> [PROBLEM DESCRIPTION]
Check every line of the entries that follow, and copy the ones containing "Solid".

> [ENTRIES SUPPLIED]
____________________
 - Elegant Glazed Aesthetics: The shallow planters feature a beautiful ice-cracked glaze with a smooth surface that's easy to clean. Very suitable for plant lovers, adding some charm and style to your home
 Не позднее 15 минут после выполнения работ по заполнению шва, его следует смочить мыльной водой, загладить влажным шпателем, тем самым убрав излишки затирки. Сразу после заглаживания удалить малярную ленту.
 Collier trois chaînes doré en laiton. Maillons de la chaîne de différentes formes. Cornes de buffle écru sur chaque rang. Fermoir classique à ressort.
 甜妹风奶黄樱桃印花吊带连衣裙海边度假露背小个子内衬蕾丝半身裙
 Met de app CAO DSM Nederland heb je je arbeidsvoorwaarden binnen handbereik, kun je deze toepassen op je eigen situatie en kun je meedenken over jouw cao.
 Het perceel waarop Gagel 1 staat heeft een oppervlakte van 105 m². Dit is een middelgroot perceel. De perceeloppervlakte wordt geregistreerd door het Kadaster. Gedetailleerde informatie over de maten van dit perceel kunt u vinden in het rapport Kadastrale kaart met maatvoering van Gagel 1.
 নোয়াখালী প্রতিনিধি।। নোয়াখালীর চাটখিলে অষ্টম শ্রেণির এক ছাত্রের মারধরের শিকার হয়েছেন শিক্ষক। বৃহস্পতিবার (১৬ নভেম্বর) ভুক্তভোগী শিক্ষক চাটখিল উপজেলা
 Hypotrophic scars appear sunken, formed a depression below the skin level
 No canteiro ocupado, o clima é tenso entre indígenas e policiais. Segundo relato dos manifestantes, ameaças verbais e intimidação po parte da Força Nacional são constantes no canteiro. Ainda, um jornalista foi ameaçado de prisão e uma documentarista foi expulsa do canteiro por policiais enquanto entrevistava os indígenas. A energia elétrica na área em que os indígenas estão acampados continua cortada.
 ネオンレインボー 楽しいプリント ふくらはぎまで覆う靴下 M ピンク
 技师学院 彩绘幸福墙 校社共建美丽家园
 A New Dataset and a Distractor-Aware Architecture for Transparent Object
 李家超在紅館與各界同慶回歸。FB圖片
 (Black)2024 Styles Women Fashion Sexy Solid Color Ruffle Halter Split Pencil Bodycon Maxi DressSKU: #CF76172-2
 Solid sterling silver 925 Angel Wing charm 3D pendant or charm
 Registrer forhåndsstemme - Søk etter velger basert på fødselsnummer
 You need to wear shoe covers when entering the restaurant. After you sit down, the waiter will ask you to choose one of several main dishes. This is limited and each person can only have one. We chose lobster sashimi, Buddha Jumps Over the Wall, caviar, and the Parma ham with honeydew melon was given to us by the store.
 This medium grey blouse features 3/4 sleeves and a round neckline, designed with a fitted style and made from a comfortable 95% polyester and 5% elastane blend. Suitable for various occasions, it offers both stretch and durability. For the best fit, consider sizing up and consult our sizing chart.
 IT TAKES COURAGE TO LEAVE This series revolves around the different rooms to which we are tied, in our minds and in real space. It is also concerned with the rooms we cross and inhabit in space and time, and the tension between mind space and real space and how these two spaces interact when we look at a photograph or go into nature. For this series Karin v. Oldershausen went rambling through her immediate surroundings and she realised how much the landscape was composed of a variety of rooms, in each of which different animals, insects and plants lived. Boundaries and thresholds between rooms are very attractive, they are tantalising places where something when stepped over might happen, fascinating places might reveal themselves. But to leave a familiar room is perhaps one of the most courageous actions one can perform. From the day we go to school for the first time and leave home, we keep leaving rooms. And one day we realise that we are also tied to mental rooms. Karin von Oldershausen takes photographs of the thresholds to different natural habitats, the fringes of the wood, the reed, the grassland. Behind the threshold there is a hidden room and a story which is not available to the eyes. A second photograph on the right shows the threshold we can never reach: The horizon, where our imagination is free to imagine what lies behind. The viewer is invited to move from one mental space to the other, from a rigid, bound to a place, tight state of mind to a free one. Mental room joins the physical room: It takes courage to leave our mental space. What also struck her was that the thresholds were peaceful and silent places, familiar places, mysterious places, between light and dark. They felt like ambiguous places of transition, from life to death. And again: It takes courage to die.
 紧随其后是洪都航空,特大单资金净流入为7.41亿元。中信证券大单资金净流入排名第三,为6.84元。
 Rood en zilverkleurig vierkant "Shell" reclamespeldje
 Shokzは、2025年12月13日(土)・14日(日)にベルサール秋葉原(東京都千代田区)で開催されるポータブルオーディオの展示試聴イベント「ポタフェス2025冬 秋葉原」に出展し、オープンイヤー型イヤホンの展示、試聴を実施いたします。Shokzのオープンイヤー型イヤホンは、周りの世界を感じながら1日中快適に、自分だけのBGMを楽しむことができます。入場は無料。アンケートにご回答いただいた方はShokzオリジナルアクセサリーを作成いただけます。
____________________
> [COMPLETED TASK]
 (Black)2024 Styles Women Fashion Sexy Solid Color Ruffle Halter Split Pencil Bodycon Maxi DressSKU: #CF76172-2
 Solid sterling silver 925 Angel Wing charm 3D pendant or charm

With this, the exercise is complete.